→ **DIRECTIONS FOR THIS TASK**
Which lines run from the start of the material below through the line containing "Слайд 17Качественные реакции"? Retype them exactly, pictures excluded.

→ **DATASET EXTRACT**
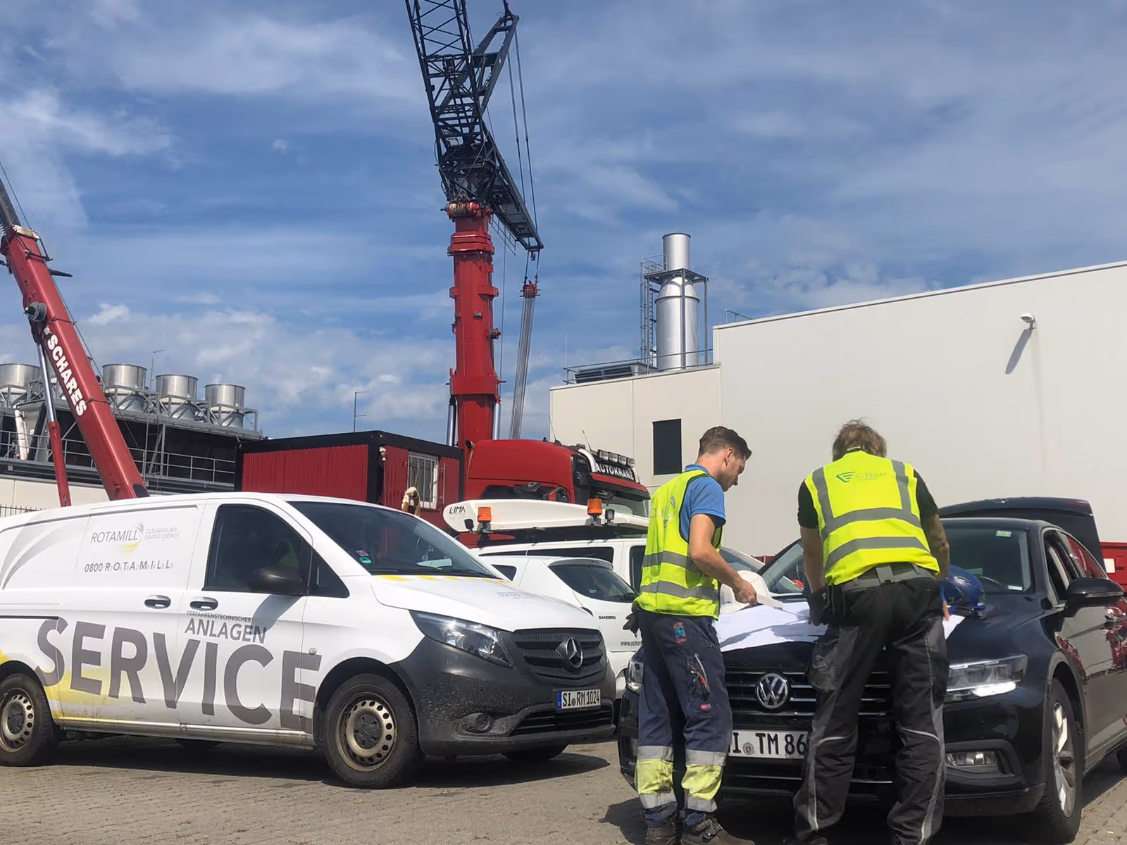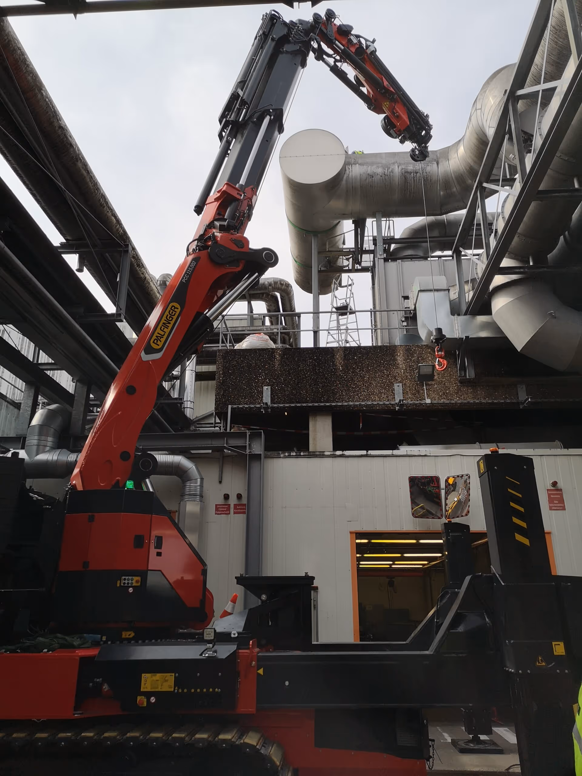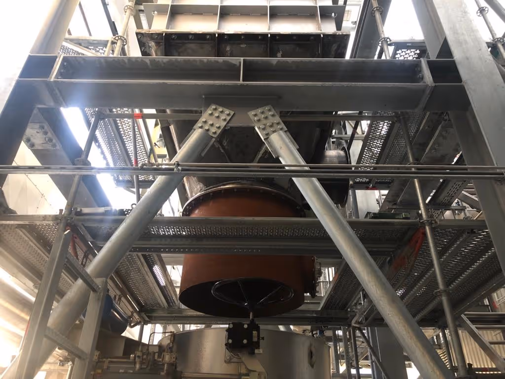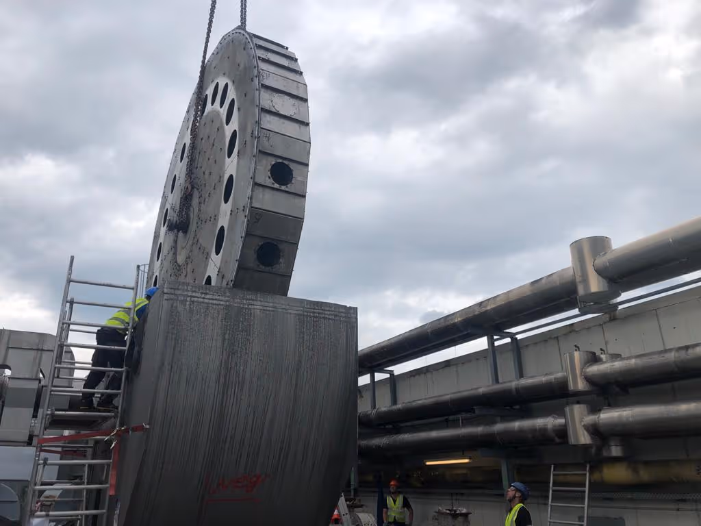 Die RD-Räder (Aktivkohlefilter) hatten ein hohes Eigengewicht und konnten nur mit Großkrantechnik ausgehoben werden. Zusätzlich erforderten enge Bereiche den Einsatz eines kompakten Raupenkrans. Parallel war eine sichere KMF-Entsorgung notwendig.
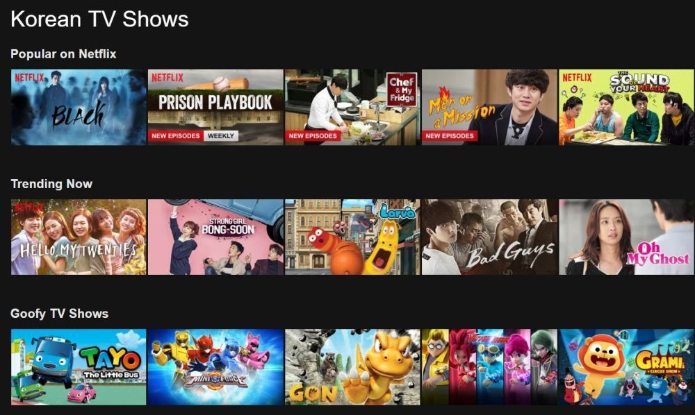 For example, Korean TV Shows are code 67879. To see Korean TV Shows on Netflix, you just have to head to https://www.netflix.com/browse/genre/67879
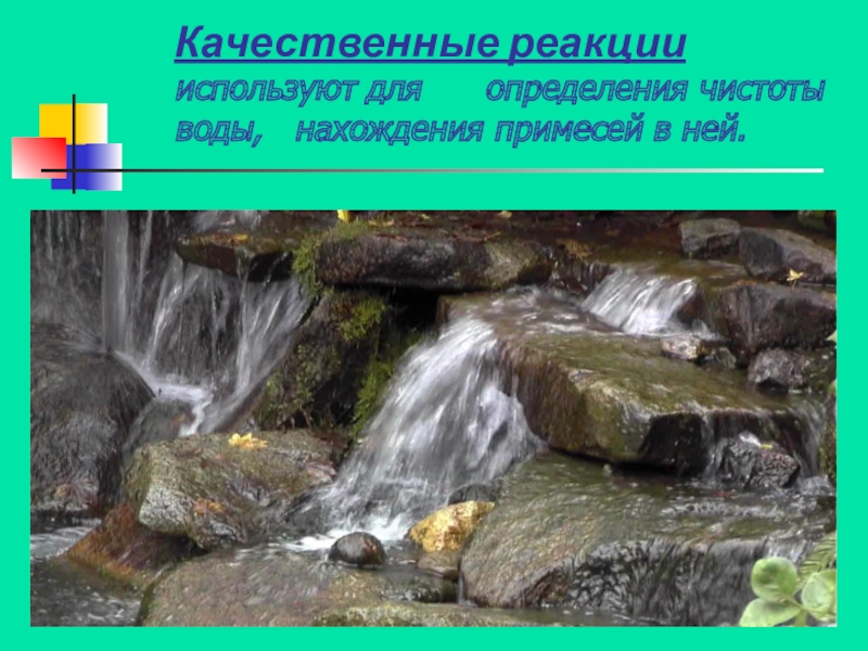 Слайд 17Качественные реакции используют для определения чистоты воды, нахождения
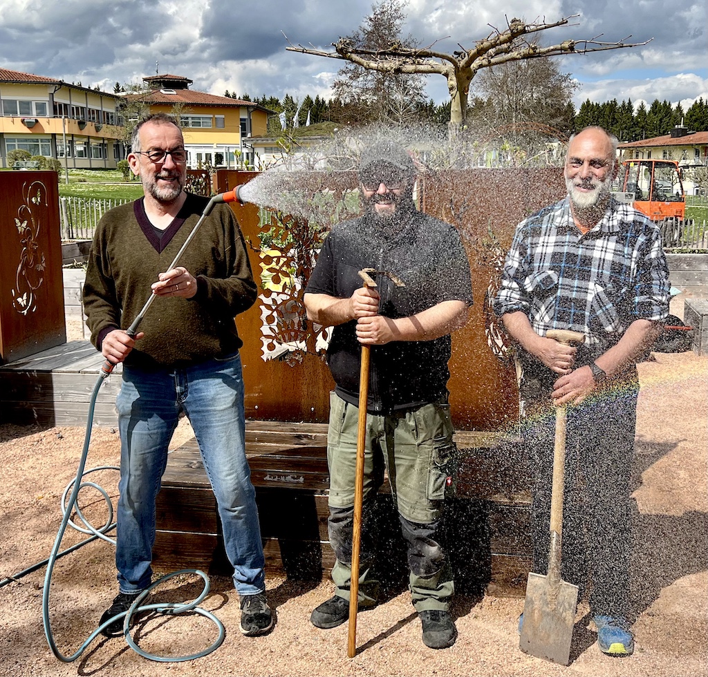 In vier Wochen drehen wir den Bauerngarten wieder auf links. Was uns alle aber überraschte, ist der erneute Verlust an Blumenerde in allen Hochbeeten. Selbst Insider sind ratlos – „Wir glauben, dass es doch ein Tier im Wald gibt, das gerne Blumenerde frisst!“ Im letzten Jahr haben wir 100 Sack Blumenerde in die Hochbeete eingebracht, das selbe Prozedere erwartet uns in diesem Jahr. Volker Kugel und Erwin Halter konnten es bei der Besichtigung kaum fassen, dass erneut so viel Blumenerde abgesackt sein soll. Oder haben wir ein großes Loch im Untergrund, das sich aus unseren Hochbeeten gerne bedient? Sei es drum, an dieser Arbeit kommen wir nicht vorbei. Mit vielen fleißigen Händen schaffen wir das.

→ **ANSWER TO THIS PROBLEM**
 Die RD-Räder (Aktivkohlefilter) hatten ein hohes Eigengewicht und konnten nur mit Großkrantechnik ausgehoben werden. Zusätzlich erforderten enge Bereiche den Einsatz eines kompakten Raupenkrans. Parallel war eine sichere KMF-Entsorgung notwendig.
 For example, Korean TV Shows are code 67879. To see Korean TV Shows on Netflix, you just have to head to https://www.netflix.com/browse/genre/67879
 Слайд 17Качественные реакции используют для определения чистоты воды, нахождения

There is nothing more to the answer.